Piotr Murdzia (born 20 February 1975, in Gdańsk) is a Polish chess International Master, International Solving Grandmaster, and eight-time world champion in chess problem solving. He is known as one of the best chess problem solvers in the world.

==Chess career==
He was awarded the IM title by FIDE in 1994. He won tournaments in Świdnica (1998) and Legnica (2003) making two grandmaster's norms.

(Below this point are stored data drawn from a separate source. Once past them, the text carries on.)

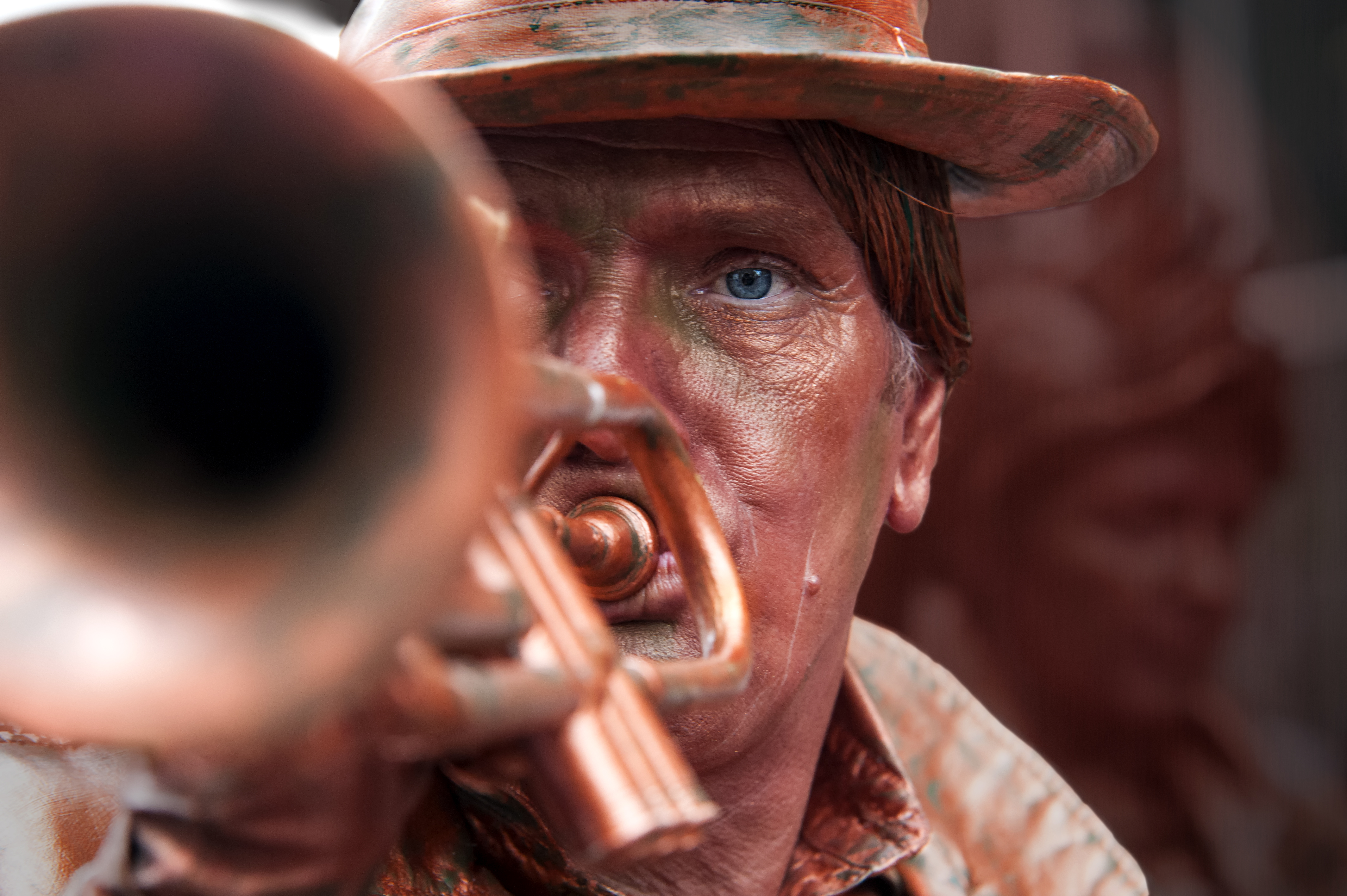 Trompet-/Mimespeler in de carnavalsoptocht van Oldenzaal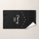 Cette serviette de boule de boules noire est décorée de marques de voie de boules blanches (points et flèches) et de l'expression "Chasing 300".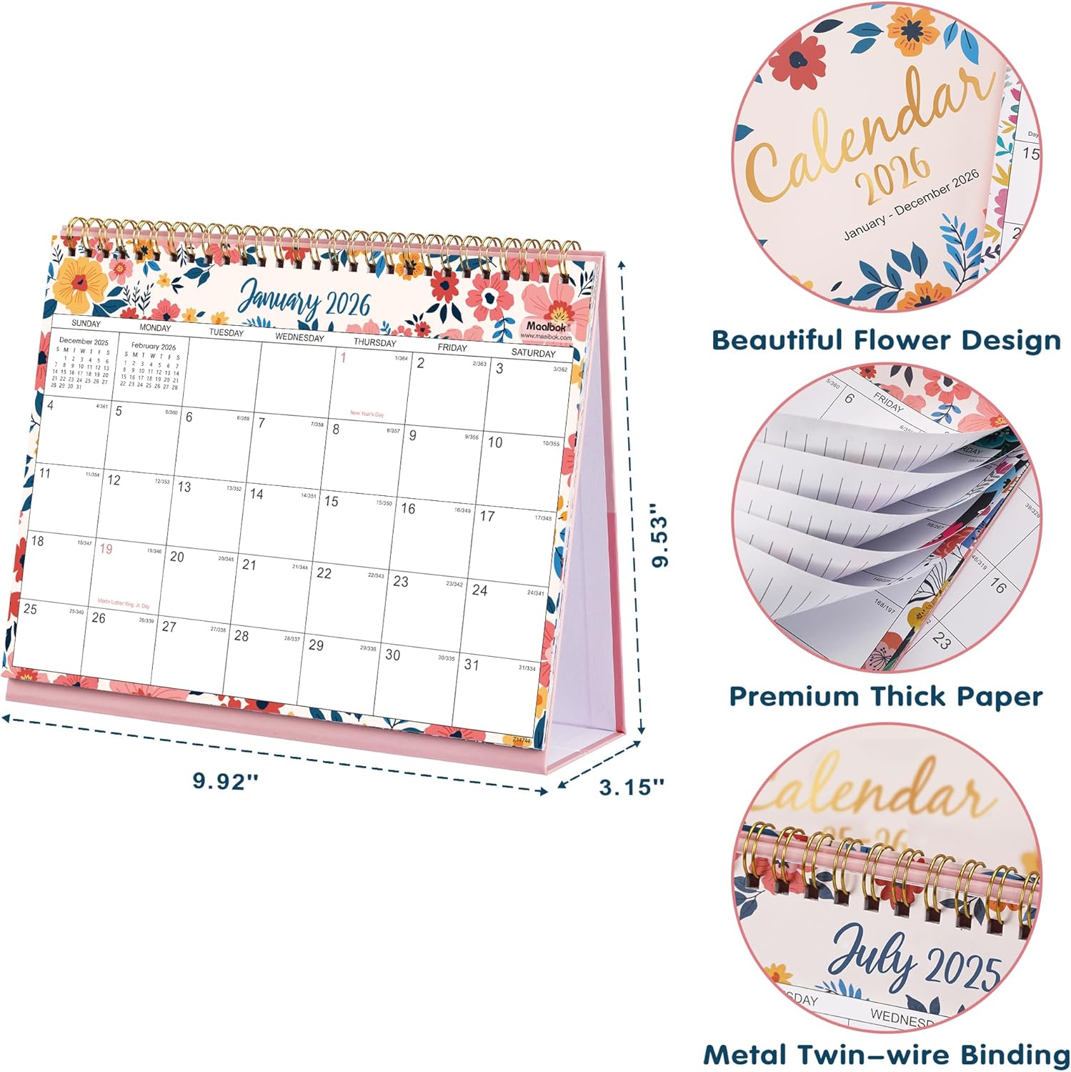 - 🌼 2026 DESK CALENDAR – JAN 2026 – DEC 2026, this desk calendar 2026 standing flip covers 12 months calendar for more than year-round planning or organizing. Size: 10" x 8.3", perfect for your desk to help you focus on easily scheduling daily life without taking up too much desktop space.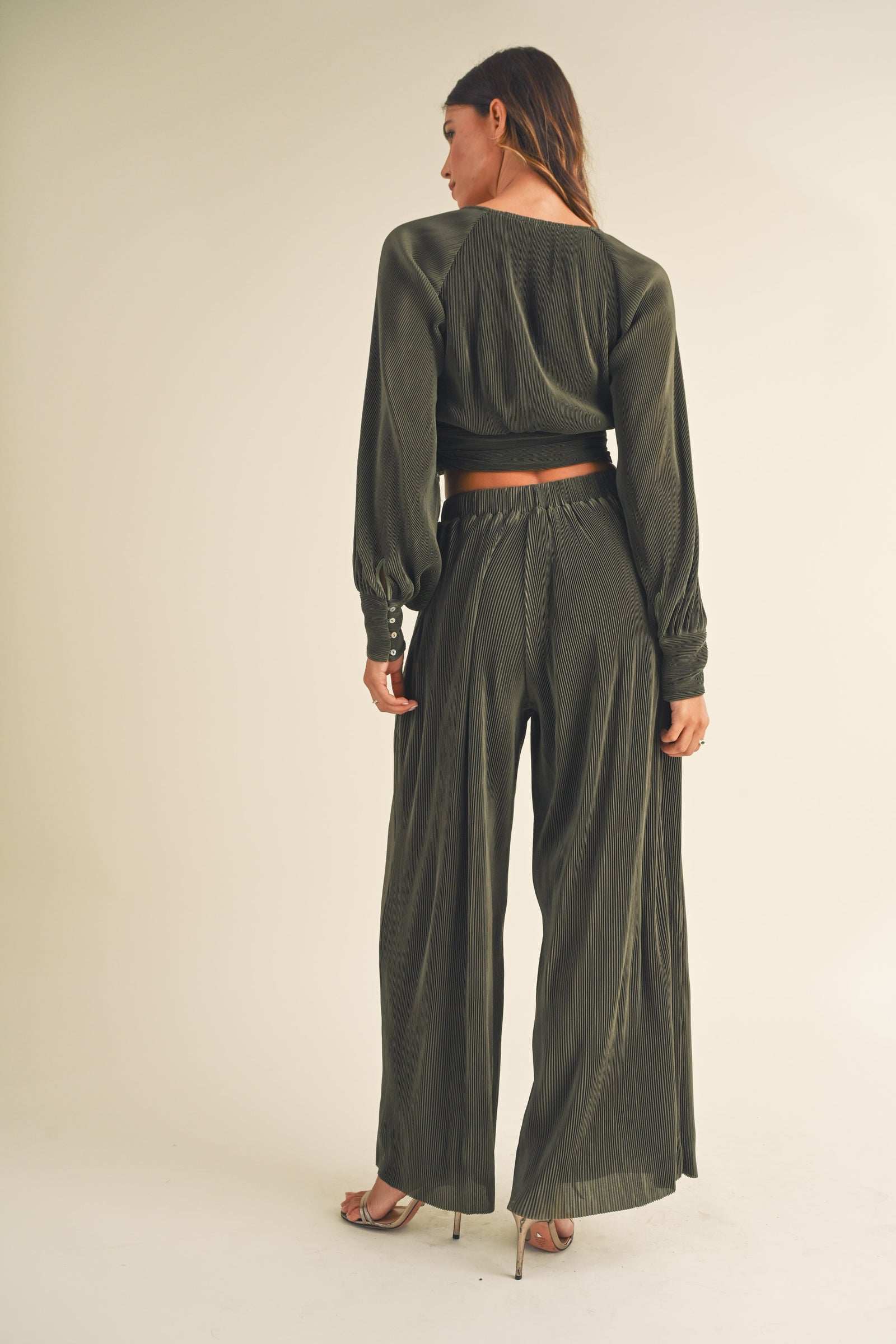 Long sleeve solid pleated fabric front twisted crop top and matching wide leg elastic waistband pants set. Lining.

He has won the World Chess Solving Championship nine times (2002, 2005, 2006, 2008, 2009, 2012, 2013, 2018, 2025) and placed second four times (2001, 2004, 2010, 2014). He also won the gold medal seven times in the team event of the same competition (2009, 2010, 2011, 2012, 2013, 2014, 2015). Murdzia also won eight times the European Chess Solving Championship (2006, 2008, 2009, 2012, 2012, 2013, 2014, 2016) and four times its team competition (2009, 2013, 2014, 2015).

In the solvers' rating list of WFCC of April 2016, he is third with 2717 points.